I had a discussion and got a clarification on the scope and we agreed that it
covered specified things with work applicability, so I'm satisfied now (will
start work on the best selling novel and string of number one hits right
away!).

It was important it wasn't just based on a vague ill-defined idea of "outside
work" because typically a portion of what is clearly work related IP I
generate doesn't happen in a formal work situation, yet I understand it as
work (and am fine with that) whilst equally there is plenty of non-work IP
that is just as clearly in no way work (as it doesn't relate to our line of
business).

------
mattbgates
When we have downtime at work, I'm working on side projects. I would hope the
company would prefer me working on something than sitting there twittling my
thumbs.

Any thing I work on is only improving my knowledge for the company itself. I
don't think they have any policy that it is theirs. Though most of my work is
kept on the Internet and very rarely do I ever have the files I am working on
on the computer, and if they are, they are just mock files that have no
purpose other than UI.

I have heard of plenty of companies claiming to own your ideas, but unless you
directly stole something from your company, like their core code -- in which
case, a lot of Google's stuff is open source anyway, so really, how can they
claim to own your projects? And if thats the case, than what share of your own
idea do you get?

Anyways, unless the company wants to help you market and advertise and sell
your product, than they really have no say. But companies will do as they
please. They are certainly better off allowing people to be creative. There
are plenty of projects I work on that I'm sure my company has no interest in.
Would they want to claim something I wrote that encourages swearing and
cursing?
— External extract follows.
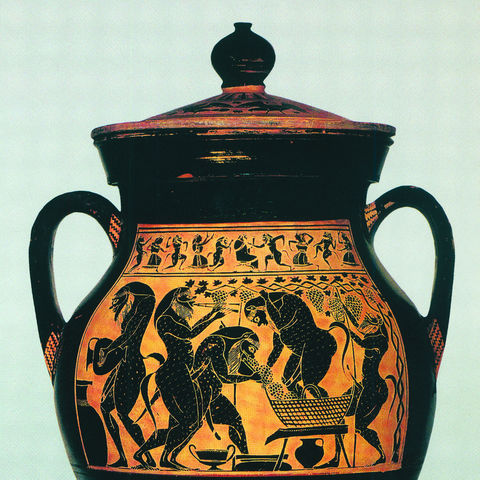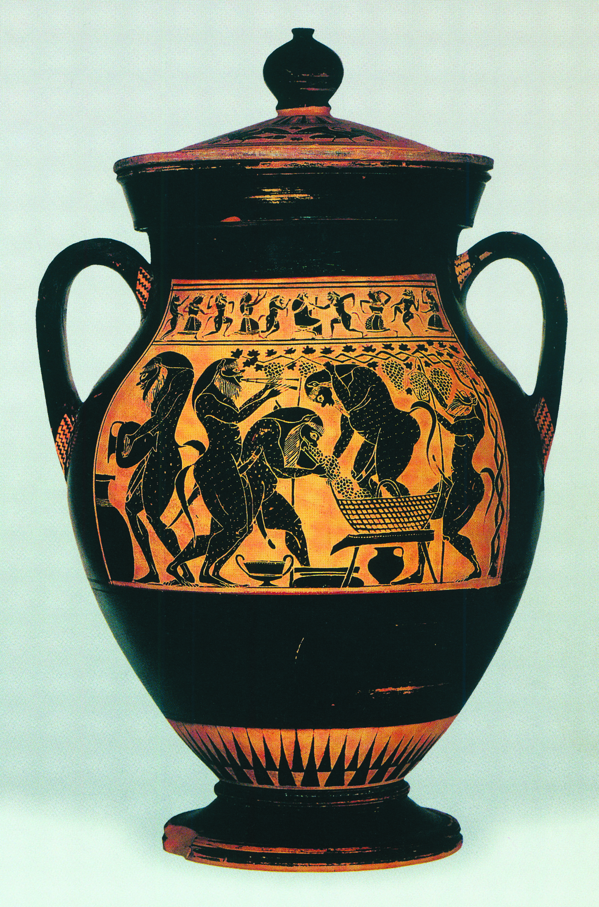 Στο τρίτο τέταρτο του 6ου αιώνα π.Χ. τοποθετείται η δράση των δύο σημαντικότερων αγγειογράφων του αττικού μελανόμορφου ρυθμού, του «ζωγράφου του Άμαση» και του Εξηκία. Το όνομα του πρώτου μάς είναι άγνωστο, καθώς δεν έχει υπογράψει κανένα από τα σωζόμενα έργα του, και γι᾽ αυτό τον αποκαλούμε «ζωγράφο του Άμαση» από τον κεραμέα του οποίου διακοσμούσε τα αγγεία. Το όνομα Άμασις είναι αιγυπτιακό και το είχε ένας φαραώ του 6ου αιώνα που είχε στενές σχέσεις με την Ελλάδα· ήταν μάλιστα, σύμφωνα με τον Ηρόδοτο, φίλος του τυράννου της Σάμου Πολυκράτη. Δεν ξέρουμε αν το όνομα του κεραμέα Άμαση δηλώνει ότι ο κάτοχός του είχε αιγυπτιακή καταγωγή ή σχέσεις με την Αίγυπτο. Οπωσδήποτε όμως το ρεπερτόριο του ζωγράφου που διακοσμούσε τα αγγεία του ήταν αθηναϊκό. Παράδειγμα είναι ένας αμφορέας από την Ετρουρία (σήμερα στο Würzburg της Γερμανίας) με διονυσιακά θέματα, ο οποίος χρονολογείται γύρω στο 540 π.Χ. (εικ. 67). Στη μια όψη, που δεν σώζεται καλά, εικονίζεται ο ίδιος ο Διόνυσος, σε κατάσταση ευθυμίας, να χορεύει με τη συνοδεία αυλού που παίζει ένας σάτυρος· ένας άλλος σάτυρος γεμίζει με κρασί το ποτήρι (κάνθαρο) του θεού από ένα ασκί. Στην άλλη όψη πέντε σάτυροι ασχολούνται με την παραγωγή του ποτού που χάρισε ο Διόνυσος στους ανθρώπους: ο ένας πατάει τα σταφύλια που ρίχνει στο πατητήρι ο σύντροφός του, υπό τον ήχο του αυλού που παίζει ένας τρίτος· ο τέταρτος γεμίζει ένα πιθάρι, ενώ ένας πέμπτος, πίσω τους, χορεύει. Η σκηνή δεν είναι μυθολογική, παρόλο που οι μορφές ανήκουν στη σφαίρα του μύθου. Το ενδιαφέρον είναι ότι οι σάτυροι εκτελούν ανθρώπινες εργασίες, που όμως σχετίζονται με τη φύση τους. Όσο για τον Διόνυσο, δοκιμάζει ο ίδιος το δώρο του προς τους ανθρώπους, το κρασί, και υφίσταται τις συνέπειες από την κατανάλωσή του. Ο ανθρώπινος και ο θεϊκός κόσμος πλησιάζουν και σχεδόν ταυτίζονται με τη βοήθεια του θεϊκού ποτού που διώχνει τη λύπη και φέρνει τη χαρά.
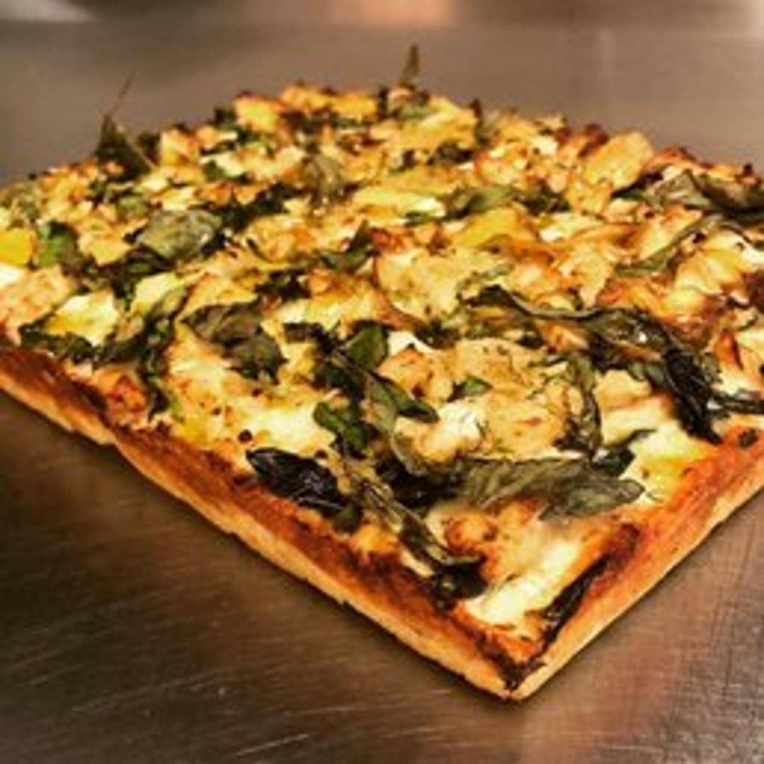 A delicious pizza featuring a garlic-infused base, topped with tender pieces of chicken, mozzarella cheese, and other complementary pizza toppings. Exact toppings may vary; please check with Krave Pizzeria for specifics.

Yeah.. probably not.

------
martin_a
General rule for Germany is, that your employer must allow you to have a job
besides your main job.

This does probably not really fit to what we understand as "side projects" but
if you are making serious money and invest time in it, you´ll have to talk to
your employer.

Employers will most likely do not allow it, if it´s very time consuming (you
need to be fit your main job) or very related to your main job (say:
freelancing graphic design while working for a design agency).

I found that it really depends on the employer and there is no general rule.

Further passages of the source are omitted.